Painted

1911

Published

1929

Volume

12

Plate

759a

Audubon Hermit Thrush

Hylocichla guttata auduboni

As you travel thru spire pointed fir forests of the western mountains you know the Thrush as a voice — a bell-like sublimated voice — a tolling Angelus — arresting toil and earthly thot. The first strain arouses emotions which the regularly falling cadences carry to a perfect close. The fine spirituality and serene uplifting quality of the song merge with nature's most exalted moods and it is generally heard in the solemn stillness of sunrise when dark fir forests are tipped with gold, or in the hush of sunset when the western sky is aglow. Out of the forest chantry rises in slow, soul-stirring cadences, high-up, high-up, look-up, look-up!Bailey.

BREEDING

RANGE

Rocky mountain region. Breeds in Canadian and upper Transition zones from British Columbia and Montana south to Nevada, Arizona and New Mexico.
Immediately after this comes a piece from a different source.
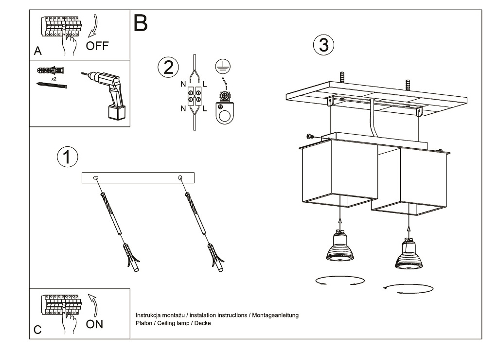 Plafond QUAD 2 gris + 2x ampoule LED GU-10 3000K Warm 7W 620lm

Winters from western and central Texas, southward over Mexican tableland to Guatemala.

Port Oxford Cedar

Chamaecyparis lawsoniana

A tree, often 200 feet high with 12-foot trunk, scattered in small groves from southwestern Oregon to mouth of Klamath river, California. Commonest north of Rogue river and largest on western slopes of Coast Range foothills, forming a continuous belt twenty miles wide between Point Gregory and mouth of Coquille River.